The HPCDM Procedure(Experimental)

Specifying Scenario Data in the DATA= Data Set

A scenario represents a state of the world for which you want to estimate the distribution of aggregate losses. The state consists of one or more entities that generate the loss events. For example, an entity might be an individual who has an insurance policy or an organization that has a workers’ compensation policy. Each entity has some characteristics of its own and some external factors that affect the frequency with which it generates the losses and the severity of each loss. For example, characteristics of an individual with an automobile insurance policy can include various demographics of the individual and various features of the automobile. Characteristics of an organization with a workers’ compensation policy can be the number of employees, revenue, ratio of temporary to permanent employees, and so on. The organization can also be affected by external macroeconomic factors such as GDP and unemployment of the country where the organization operates and factors that affect its industry. You need to quantify and specify all these characteristics as external factors (regressors) when you fit severity and frequency models.

You should specify all the information about a scenario in the DATA= data set that you specify in the PROC HPCDM statement. Each observation in the DATA= data set encodes the characteristics of an entity. For proper simulation of severities, you must specify in the DATA= data set all the characteristics that you use as regressors in the severity scale regression models. When you use the COUNTSTORE= option to specify the frequency model, you must specify in the DATA= data set all the characteristics that you use as regressors in the frequency model in order to properly simulate the counts. All the regressors are expected to have nonmissing values. If any of the regressors have a missing value in an observation, then that observation is ignored.

The information in the DATA= data set is interpreted as follows, based on whether you specify the EXTERNALCOUNTS statement:

  • If you do not specify the EXTERNALCOUNTS statement, then all the observations in the data set form a scenario. The observations are used together to compute one random draw from the compound distribution. The total number of draws is equal to the value that you specify in the NREPLICATES= option. The simulation process is described in the section Simulation with Regressors and No External Counts and illustrated using an example in the section Illustration of Aggregate Loss Simulation Process.

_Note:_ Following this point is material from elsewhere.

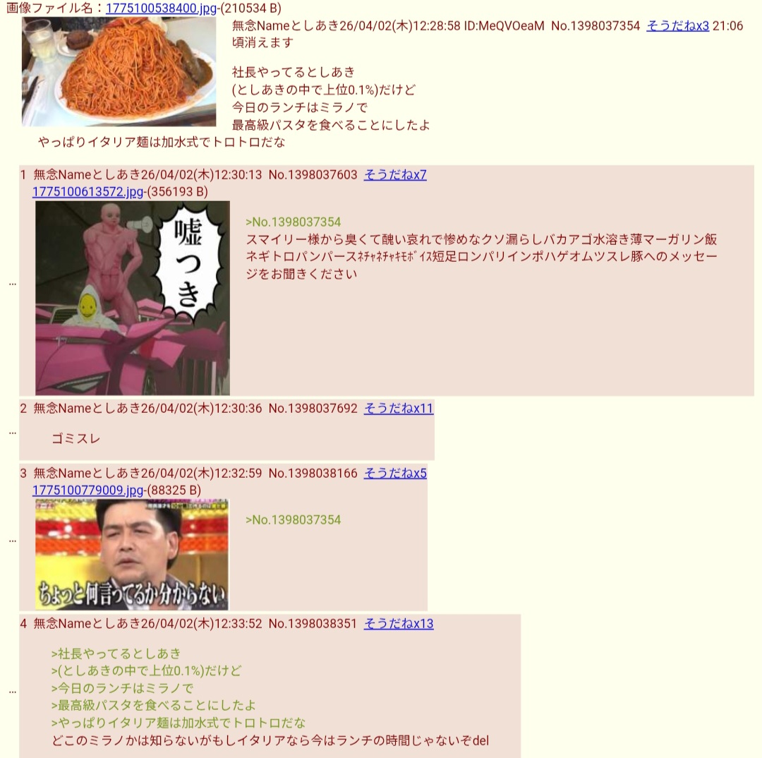 | … | 12026/04/20(月)07:32:52No.1422089829+実は飯画像以外の物も無断転載してる |

    In this case, the distributed data access mode for the DATA= data set must be either client-data (local-data) mode or through-the-client mode—that is, the DATA= data set should not be stored on a distributed appliance. For more information about data access modes, see the section Data Access Modes of Chapter 3: Shared Concepts and Topics.

  • If you specify the EXTERNALCOUNTS statement, then the DATA= data set is expected to contain multiple replications (draws) of the frequency counts that you simulate externally for a scenario. The DATA= data set must contain the COUNT= variable that you specify in the EXTERNALCOUNTS statement. The replications are identified by the observation number or the ID= variable that you specify in the EXTERNALCOUNTS statement. For each observation in a given replication, the COUNT= variable is expected to contain the count of losses that are generated by the entity associated with that observation. All the observations of a given replication are used together to compute one random draw from the compound distribution. The size of the compound distribution sample is equal to the number of distinct replications that you specify in the DATA= data set, multiplied by the value that you specify in the NREPLICATES= option. The simulation process is described in the section Simulation with External Counts and illustrated using an example in the section Illustration of the Simulation Process with External Counts.

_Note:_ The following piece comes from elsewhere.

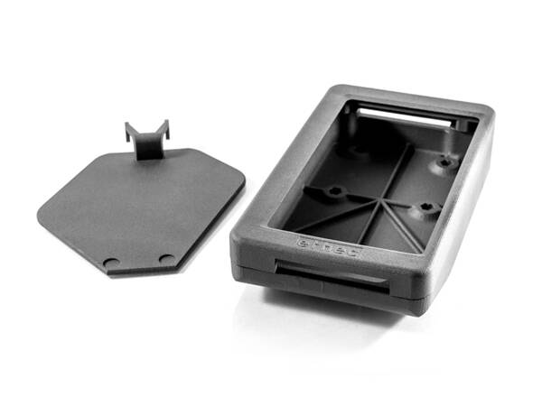 3D打印的顯示屏外殼(右)和加油口蓋(左)。圖片來自蘇黎世聯(lián)邦理工學(xué)院。

    In this case, the distributed data access mode for the DATA= data set can be any of the supported data access modes. For more information about data access modes, see the section Data Access Modes of Chapter 3: Shared Concepts and Topics.

In both cases, an observation can also contain severity adjustment variables that you can use to adjust the severity of the losses generated by that entity, based on some policy rules. For more information about simulating the adjusted compound distribution sample, see the section Simulation of Adjusted Compound Distribution Sample.

If you specify severity and frequency models that have no regression effects in them and if you do not specify externally simulated counts in the EXTERNALCOUNTS statement, then you do not need to specify the DATA= data set. This case corresponds to a fixed scenario that is represented entirely by the distribution parameters of the models.